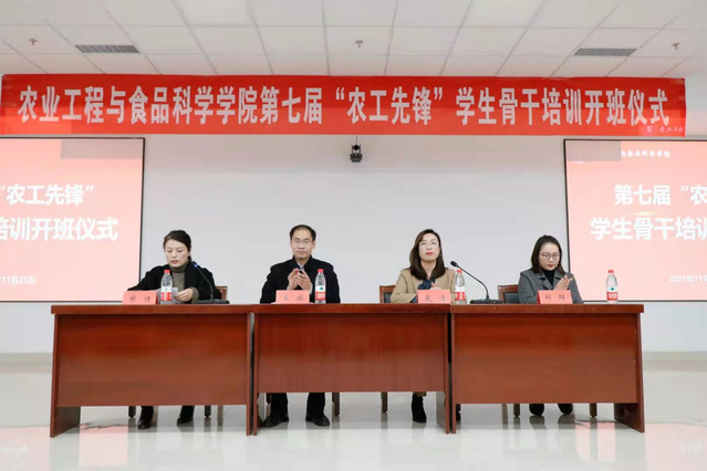 仪式开始,全体起立奏唱国歌。随后,郑群宣读《农业工程与食品科学学院第七届“农工先锋”学生骨干培训方案》,就培训课程、培训安排、培训考核及培训纪律进行了介绍。
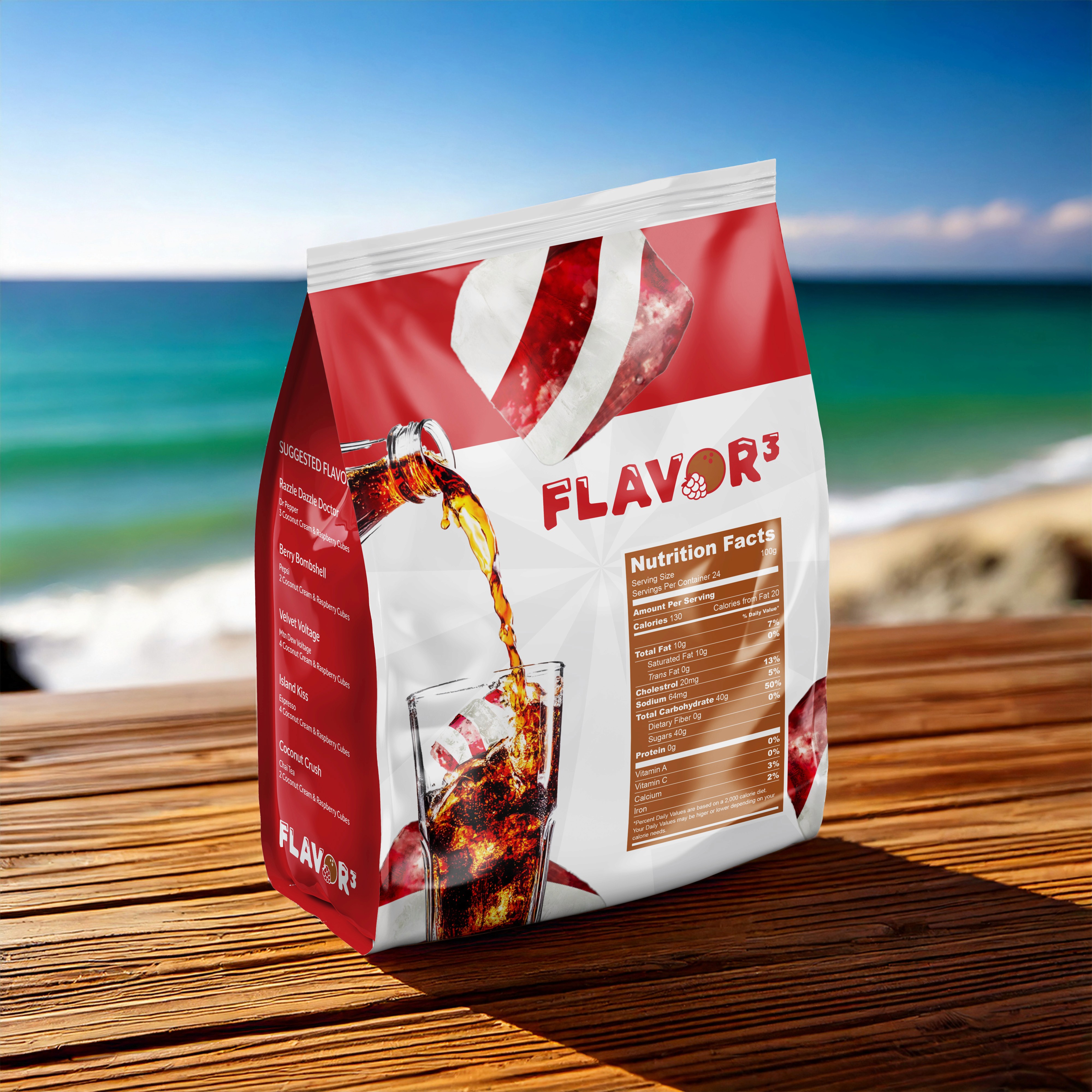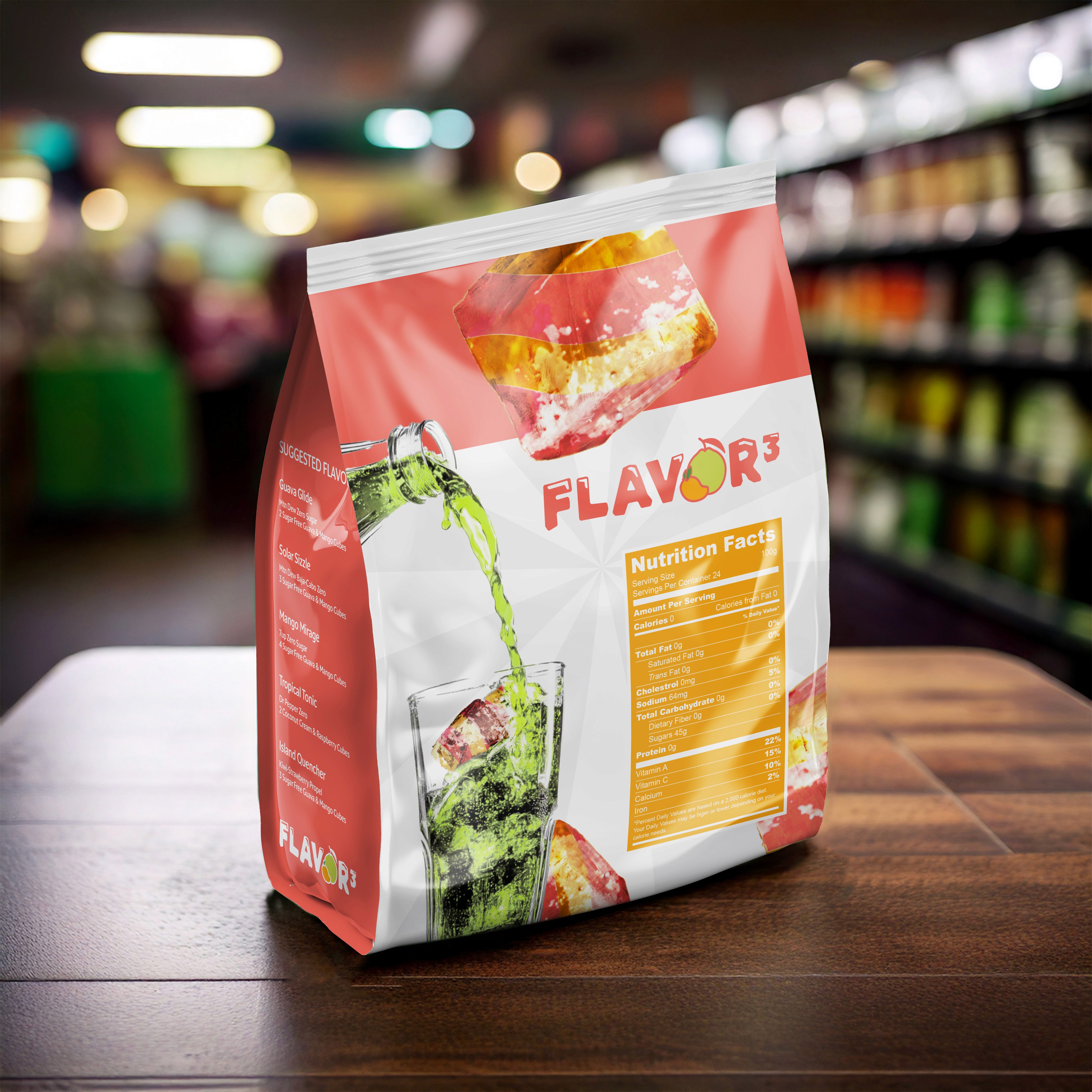 This project is a conceptual design for a flavored ice cube brand called Flavor Cubed. The product is intended to be added to beverages such as coffee or soda, enhancing them with layered flavors. The name plays on the idea of exponential flavor while also making a playful reference to the ice cube format.
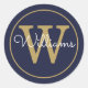 Elegant Gold Monogram Script Name Navy Blue Runder Aufkleber
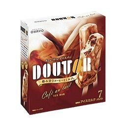 (M)「あのドトールと共同開発。深いり豆をエスプレッソ抽出したコーヒーエキスを使用したミルクアイス。まるで本当のカフェ・オ・レを飲んでいるような気分に。7本入り」。
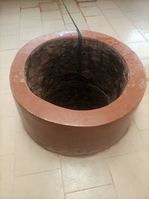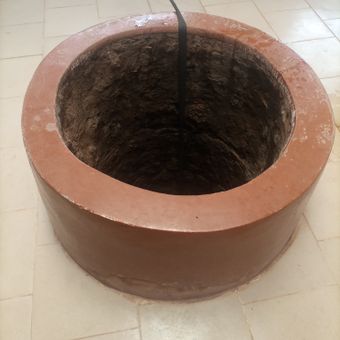 Le puits circulaire en pierre descend profondément dans le sol, permettant l'accès à l'eau par des mécanismes traditionnels de corde et seau.
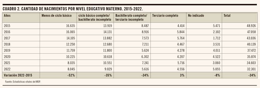 Cuadro 2. Cantidad de nacimientos por edad materna. 2015-2022
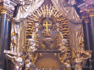 ołtarz w kaplicy Serca Jezusowego, barokowy, zbudowany z elementów dwóch wcześniejszych ołtarzy : św. Franciszka Ksawerego i Najświętszego Serca Jezusowego,aniołowie trzymają szarfę z napisem : "O Serce Jezusa, kocham Cię, jak Ty pierwej ukochało mnie". Do "Ostatniej Wieczerzy" zasiadł też - przodem do nas - Judasz, z sakiewką w ręce na kolanach, z trzydziestoma srebrnikami.
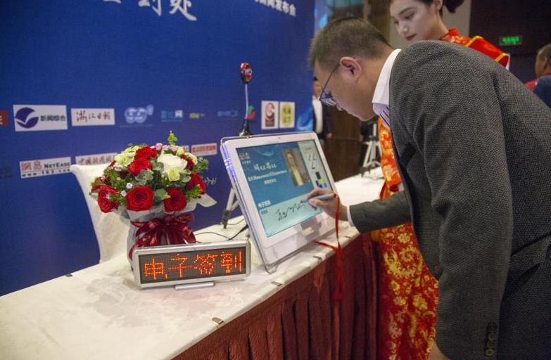 領(lǐng)導(dǎo)和嘉賓們?cè)邶埱f潤品牌墻前達(dá)記者問,拍照留影,在電子簽到墻簽到。
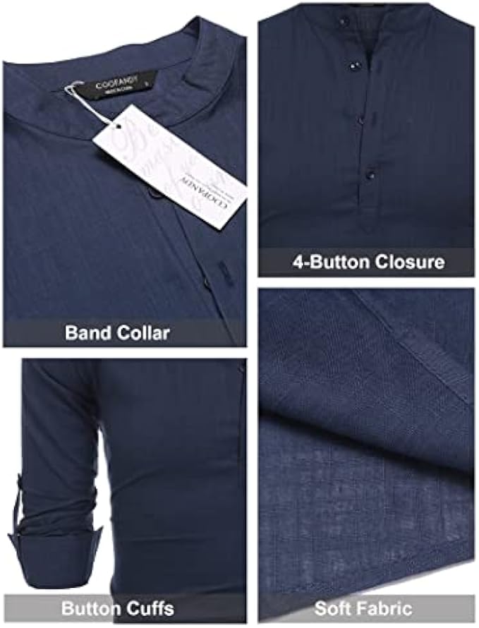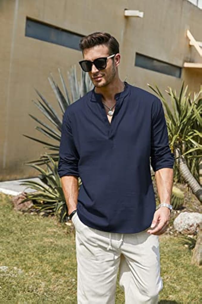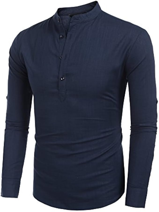 <li class="a-spacing-mini"><span class="a-list-item"> Cotton and Linen </span></li> <li class="a-spacing-mini"><span class="a-list-item"> Imported </span></li> <li class="a-spacing-mini"><span class="a-list-item"> Button closure </span></li> <li class="a-spacing-mini"><span class="a-list-item"> Machine Wash </span></li> <li class="a-spacing-mini"><span class="a-list-item"> 【HIGH QUALITY FABRIC】: This linen shirts made from great fabric, lightweight, breathable and soft touch, do not shrink and fade, moisture-wicking. </span></li> <li class="a-spacing-mini"><span class="a-list-item"> 【STYLISH DESIGN】: Casual henley neck shirts, stand collar, simple style, solid color, slim fit, long sleeve(Roll-up), button-down closure, rounded hem, featured button detail. </span></li> <li class="a-spacing-mini"><span class="a-list-item"> 【CLOTHING MATCH】: These long-sleeve stylish slim fit shirts could be easy to match with dress pants, slacks, chinos, and jeans. </span></li><li class="a-spacing-mini"><span class="a-list-item">【OCCASION】: Perfect for spring, autumn and summer, fashion style, formal work, business wear, everyday casual wear, beach wear and etc.</span></li> <li class="a-spacing-mini"><span class="a-list-item">【SUGGESTION】: Machine washable. Please refer to our size chart picture before ordering, thanks in advance.</span></li>
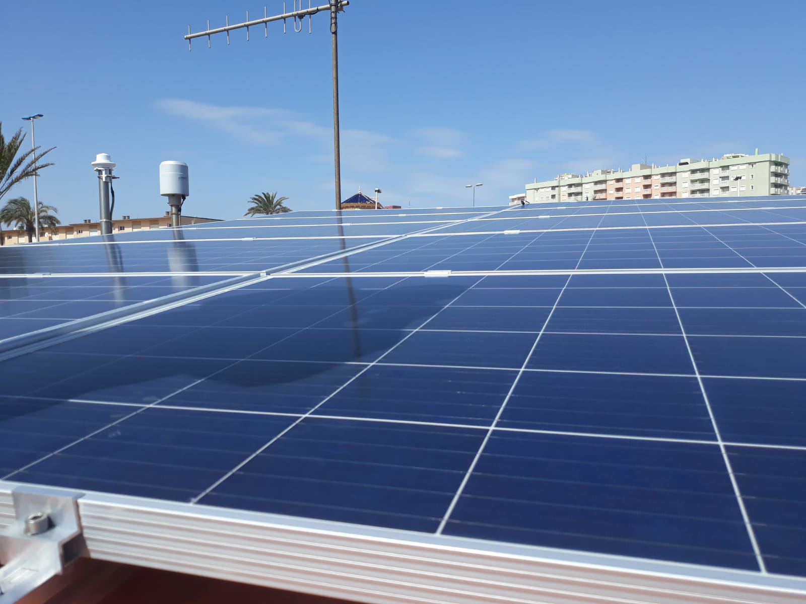 Imagen de las placas solares instaladas para alimentar los dos puntos de recarga de coches eléctricos habilitados en el aparcamiento.
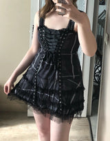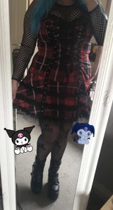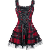 - This spooky and pagan occult inspired tartan plaid lace-up dress is sure to impress! Perfect for gothic babes who embrace dark fashion aesthetics with a pin-up girl twist!
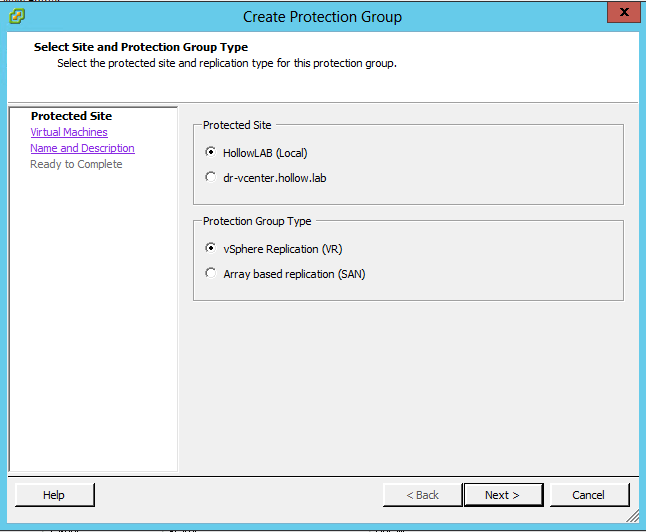 Select which site is the protected site and what kind of replication is being used. NOTE: if you are using SAN replication, an entire datastore must be selected for the protection group instead of a single VM. This is important to note when making your design considerations.
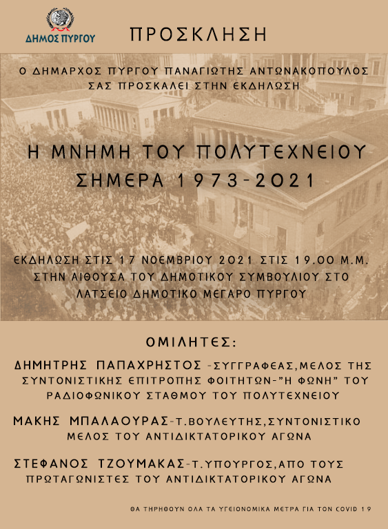 Στην εκδήλωση με τίτλο: «Η ΜΝΗΜΗ ΤΟΥ ΠΟΛΥΤΕΧΝΕΙΟΥ

━━━━━━━━━━━━━━━━━━━━━━━━━━━━━━

TASK OBJECTIVE: Each line from the one that contains "(M)「あのドトールと共同開" down to the one that contains "Cuadro 2. Cantidad" is to be returned exactly as it stands above, both ends included, with pictures removed.

ANSWER TO THIS EXERCISE:
 (M)「あのドトールと共同開発。深いり豆をエスプレッソ抽出したコーヒーエキスを使用したミルクアイス。まるで本当のカフェ・オ・レを飲んでいるような気分に。7本入り」。
 Le puits circulaire en pierre descend profondément dans le sol, permettant l'accès à l'eau par des mécanismes traditionnels de corde et seau.
 Cuadro 2. Cantidad de nacimientos por edad materna. 2015-2022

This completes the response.